D’où le nouvel intitulé de l’axe 2, « Innovations et reproductions dans les sociétés africaines », qui continue d’inscrire les recherches dans le temps long (VIIIe-XXe siècle).

Cet intitulé est avant tout un mot d’ordre contre la conception encore très répandue d’une « tradition africaine », reposant sur une vision a-historique des sociétés africaines. Mais il est aussi le fruit du constat que les évolutions observées dans les sociétés étudiées ont le plus souvent été canalisées par des pratiques visant à la reproduction d’un ordre dont la référence était souvent plus tournée vers le passé que vers un futur annonciateur de progrès.

Il est aussi le fruit de notre pratique au contact de sources qui apparaissent le plus souvent à la fois uniques et stéréotypés.

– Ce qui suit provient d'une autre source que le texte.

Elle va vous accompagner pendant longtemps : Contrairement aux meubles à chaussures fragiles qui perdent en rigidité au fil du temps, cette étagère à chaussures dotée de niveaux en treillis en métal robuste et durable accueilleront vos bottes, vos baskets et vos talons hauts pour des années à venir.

Tout l’art de l’historien est de détecter les modèles employés tout en relevant les spécificités d’un texte (écrit ou oral) ou d’une représentation artistique pour en tirer, au final, des informations de type historique.

Les études des trois équipes portent sur des espaces régionaux construits par un ensemble de contacts et d’échanges bien antérieurs aux constructions des empires coloniaux : circulation de modèles politiques ou religieux, échanges commerciaux, échanges religieux et linguistiques, etc., favorisés par la présence d’intermédiaires culturels.

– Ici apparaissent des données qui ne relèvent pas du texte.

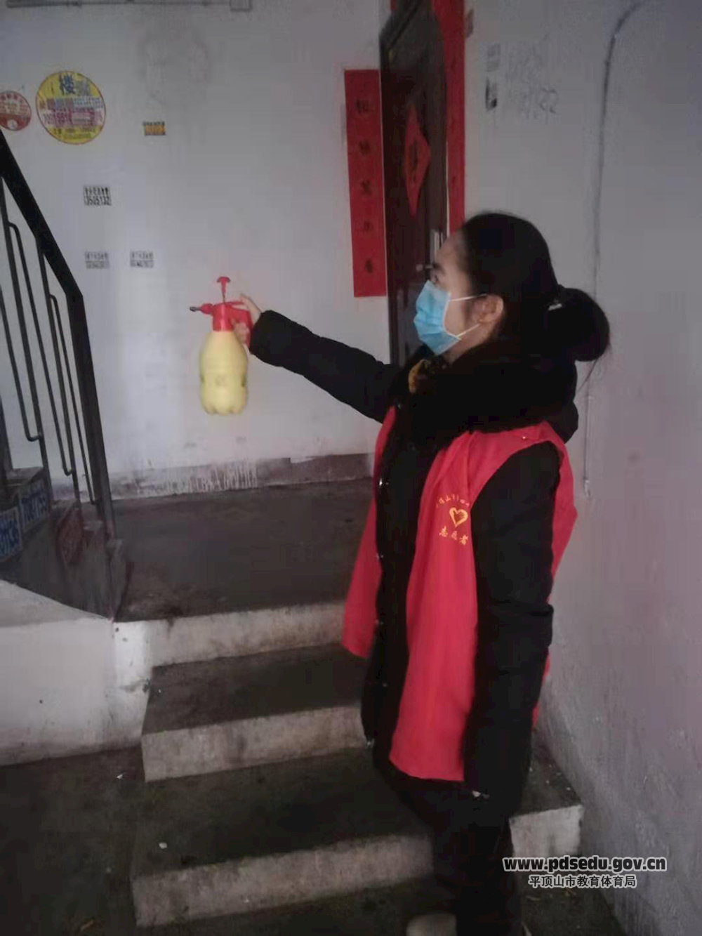 党支部带领党员志愿者对家属院的楼梯门洞等进行消毒
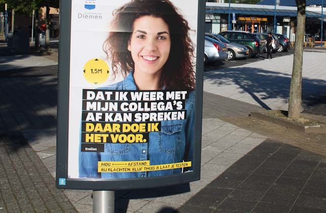 Diemen gaat na de coronahosts binnenkort coronawijzers inzetten in drukke gebieden.

Les variété des champs géographiques couverts par les trois équipes (Éthiopie, Afrique orientale, Afrique de l’ouest islamique et monde Akan) et la complémentarité des approches anthropologiques et historiques permettent de fructueuses confrontations et sont une incitation à porter une attention particulière à l’étude des rencontres et échanges entre cultures et sociétés différentes. Tout en s’attachant à l’étude des sources externes à l’Afrique (archives coloniales, missionnaires, récits de voyage etc.) les membres de l’axe accordent une place particulière aux sources endogènes (manuscrits, sources orales etc.).

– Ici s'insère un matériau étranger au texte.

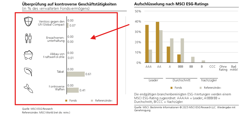 SRI-ETFs folgen den striktesten Ausschlussregeln nachhaltiger MSCI-Indizes: Unternehmen mit umstrittenen Geschäftsfeldern (u. a. kontroverse Waffen, Kraftwerkskohle und Erwachsenenunterhaltung) sowie Firmen mit Verstößen gegen den UN Global Compact werden nicht berücksichtigt.

L’existence de réelles équipes qui partagent un terrain commun n’empêche aucunement des rencontres sur des thématiques transversales, comme ce fut le cas lors de la table ronde organisée en novembre 2003 (voir ci-dessous dans le chapitre bilan), ou comme ce sera le cas dans le séminaire de recherche sur l’esclavage (voir ci-dessous dans le chapitre perspectives).

Bilan
Les membres de cet axe ont eu ainsi l’occasion de confirmer les convergences de leurs approches au cours d’une table-ronde réunissant la plupart d’entre eux, en novembre dernier (24, 25, 26 novembre 2003), aux côtés de leurs collègues du Seminar für Orientkunde de l’université de Mayence, associés dans un projet Procope animé pour la partie française par Bertrand Hirsch, directeur du CRA. Le thème de la table-ronde, « Identités composées. Dynamiques linguistiques et religieuses en Afrique », procède d’un intérêt commun pour une étude de l’Afrique envisagée dans la longue durée et dans son évolution, combinant approches des sociétés et de leurs contacts avec l’extérieur.
Les actes de cette table-ronde feront l’objet d’une publication à paraître en 2005.